In the early 1970s, Luckman designed what was then called the First Interstate Bank headquarters on 6th Street in downtown Los Angeles, then the city’s tallest building at 62 stories. In 1988, he listened on his car radio to reports of the building in flames, praying that nobody took the elevator, which could be fatal. One person did, and died.


Luckman’s other Los Angeles buildings include the Broadway (now Macy’s) Plaza, incorporating an office high-rise, a hotel and shopping and dining complexes on 7th Street downtown.

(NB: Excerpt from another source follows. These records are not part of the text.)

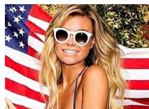
Top 20 Pics of the Hottest SI Swimsuit Models of 2015
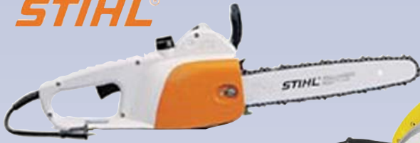
A Chainsaw - Electric
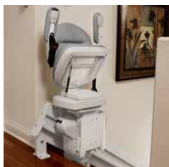
Power folding footrest flips up/down when seat is raised/lowered.
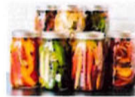
VEC PRESERVED (148 ITEMS)
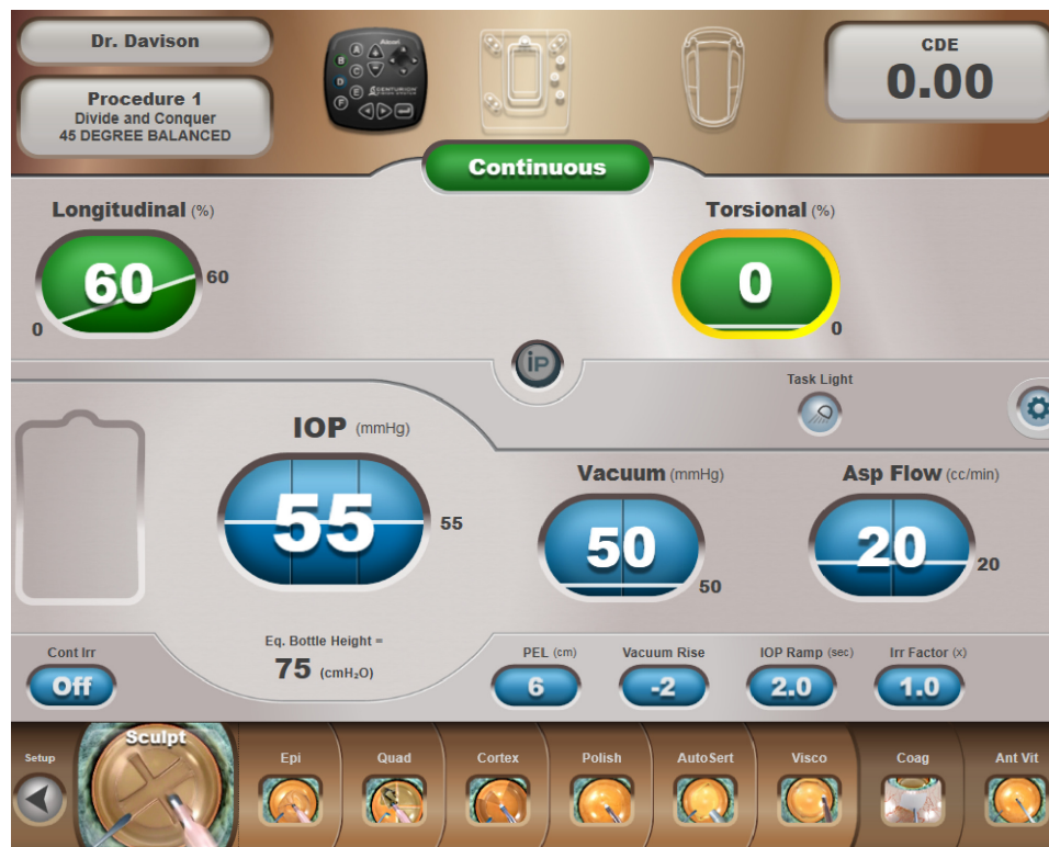
Figure 5 The machine screen display of the Sculpt Setting (Sculpt Procedure Step Button enlarged in the procedure step toolbar) shows low fixed values for vacuum and aspiration flow and linear control of continuous longitudinal tip motion.

Note: These parameters provide just enough vacuum and flow to aspirate the mix of nuclear dust in balanced salt solution.
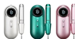
Custom Logo 30pcs Nail Drill Pedicure Machine with...

He also designed--and largely funded--the Charles and Harriet Luckman Building for the Los Angeles Child Guidance Clinic in South-Central Los Angeles and the Charles and Harriet Luckman Fine Arts Complex at Cal State L.A. in East Los Angeles.

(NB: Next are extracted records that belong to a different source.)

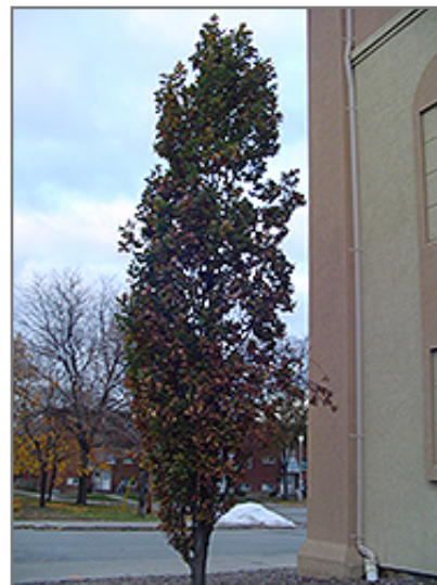
Pyramidal English Oak in fall
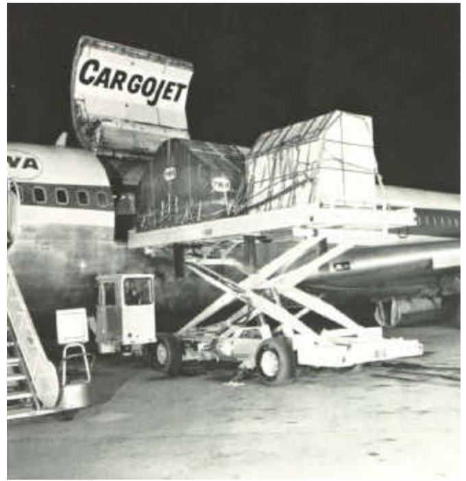
Above, the High-lift Karry-All is being used to transport, elevate, and on-off load. The cargo is loaded automatically, through remote control in little more than one minute per igloo. The High-lift is designed for fast on-off loading.
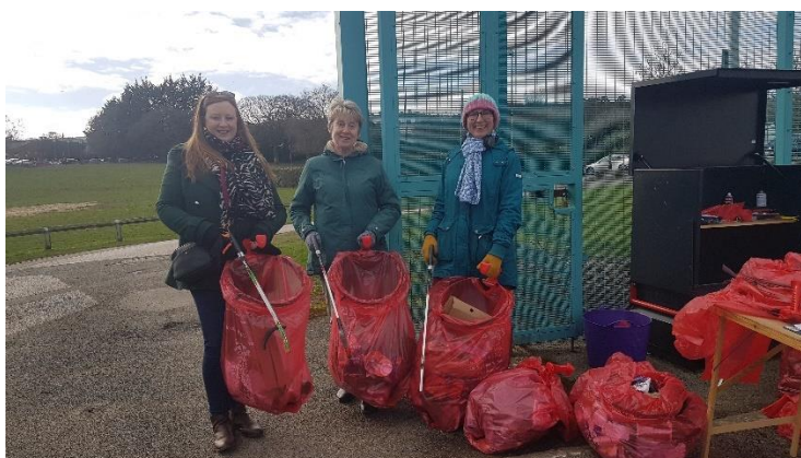
Eirias Park Litter Pick by Volunteers

“I felt there has been so much emphasis on the business and down-to-earth approach to life that it was time to take a deep breath collectively and remember what we established in this country was a culture,” Luckman said when he donated $2.1 million for the theater and art gallery complex.

Dedicated to education, Luckman served from 1960 to 1982 on the Cal State Board of Trustees and was twice elected chairman. He and his wife also funded the Harriet and Charles Luckman Distinguished Teaching Awards at UCLA.

Luckman served on the Educational Commission of the Fifty States and on boards of Adelphi, Northwestern, Pepperdine and Loyola universities and Caltech. He was also board chairman of the Brain Research Institute of UCLA and president of the Los Angeles Ballet, as well as board member of more than 60 civic and charitable organizations.

More than 50 years after Luckman’s graduation and 35 years after he started practicing architecture, the University of Illinois School of Architecture granted him its Illinois Medal in Architecture “in recognition of a lifetime of outstanding achievement and service to the profession of architecture.”


Survivors include his wife, Harriet, and three sons, Charles Jr., James and Stephen; eight grandchildren; and six great-grandchildren.

The family said services will be private and asked that any memorial donations be made to one of four organizations: the Los Angeles Child Guidance Clinic, 3787 S. Vermont Ave., Los Angeles 90007; the MUSES of the Museum of Science and Industry, Exposition Park, Los Angeles 90037; Los Angeles Founder Chapter, ARCS Foundation Inc., 1801 Avenue of the Stars, Gateway West Suite 708, Los Angeles 90067; or the Los Angeles Orphanage Guild, Maryvale, 7600 E. Graves Ave., Rosemead, CA 91770.